Die Lehrerin zitiert einen Vater im Elterngespräch, der über seinen eigenen Lernprozess berichtet, der sich in einer Situation mit seiner Tochter ereignet haben soll:
„und dann kam eine Gruppe Behinderte vorbei und dann hat er (der Vater, HDP) gesagt: Hast du die Behinderten gesehen? zu der Tochter, dann sagt sie: Äh welche Behinderten? ich seh gar niemanden! und ja da, hach Papa, der kann halt vielleicht das nicht gut aber dafür kann er halt was anderes“ (Februar 2014)
Der Vater reflektiert sein Verständnis von Behinderung und vergleicht es mit dem Verständnis seiner Tochter. Er berichtet die Szene der Lehrerin, um mitzuteilen, wie froh er darüber ist, dass seine Tochter durch die Schulerfahrung einen anderen Umgang mit Behinderung erlernt.
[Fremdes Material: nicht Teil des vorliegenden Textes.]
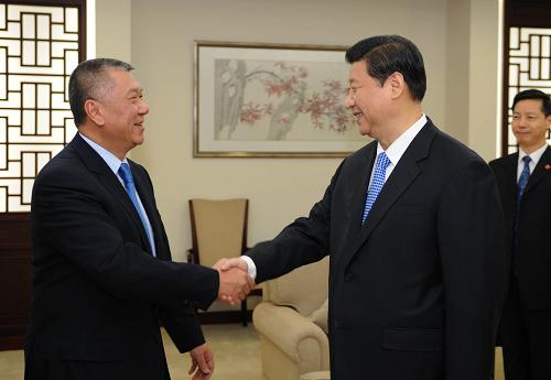 1月10日,國家副主席習近平在澳門東亞運動會體育館禮堂親切會見澳門社會各界代表人士。這是習近平和全國政協常委何鴻燊握手。新華社記者 馬占成攝

Die Reaktion der Tochter begründet sich wahrscheinlich auf ein Zusammentreffen von Faktoren: Ihre Sicht auf Behinderung ist noch relativ fluide, und sie hat in der Institution Schule einen anderen Begriff von Behinderung gelernt, beispielsweise, dass alle Menschen „etwas gut können“ (stärkeorientiert). Sie ist damit ihrem Vater, d.h. der älteren Generation, und der Gesellschaft voraus. So sieht es die Lehrerin für den Vater und für sich selbst. Das gesamte Interview hat implizit den Lernprozess der Lehrerin zum Thema, die sich im Laufe ihrer Tätigkeit als Grundschullehrerin an einer inklusiven Schule, immer wieder mit ihren eigenen Bildern und Vorurteilen gegenüber Behinderung konfrontiert war und sich damit auseinandersetzen musste. Die Reaktion des Vaters sieht sie aus meiner Sicht zum einen als Spiegel der eigenen ambivalenten Haltung und zum anderen als Beispiel für den Erfolg eines inklusiven Konzepts, weil über die Kinder die erwachsene Gesellschaft verändert werden kann. Entscheidend für die weitere Argumentation ist, dass solche Haltungen nicht alleine durch Kognition verändert werden können, sondern eine leibliche Erfahrung benötigen, die reflektiert wird, und dass die Veränderungen langwierig und anspruchsvoll sind. Aus dem Beispiel folgen begründete Zweifel an punktuellen (Nach-)Schulungen von Lehrerkompetenzen zum Thema Inklusion.
Literaturangaben:
Deckert-Peaceman, H. (2012): Die Bedeutung der Peerkulturen in der Schule am Beispiel der Integrationspädagogik. In: Braches-Chyrek, R., Röhner, Ch. & Sünker, H. (Hrsg.): Kindheiten, Gesellschaften. Interdisziplinäre Zugänge zur Kindheitsforschung. Opladen & Farmington Hills, MI: Verlag Barbara Budrich, S.165-184.
Diamond, K. E. & Hestenes, L. L. (2004): Vorstellungen von Vorschulkindern in Bezug auf Behinderungen. Der Stellenwert von Behinderungen in den Ansichten von Kindern über andere Kinder. In: Fried, L. & Büttner, G. (Hrsg.): Weltwissen von Kindern. Zum Forschungsstandüber die Aneignung sozialen Wissens bei Krippen- und Kindergartenkindern. Weinheim, Basel: Juventa, S.183-200.
Kreuzer, M. & Ytterhus, B. (2008): Dabeisein ist nicht alles. Inklusion und Zusammenleben im Kindergarten. München, Basel: Reinhardt.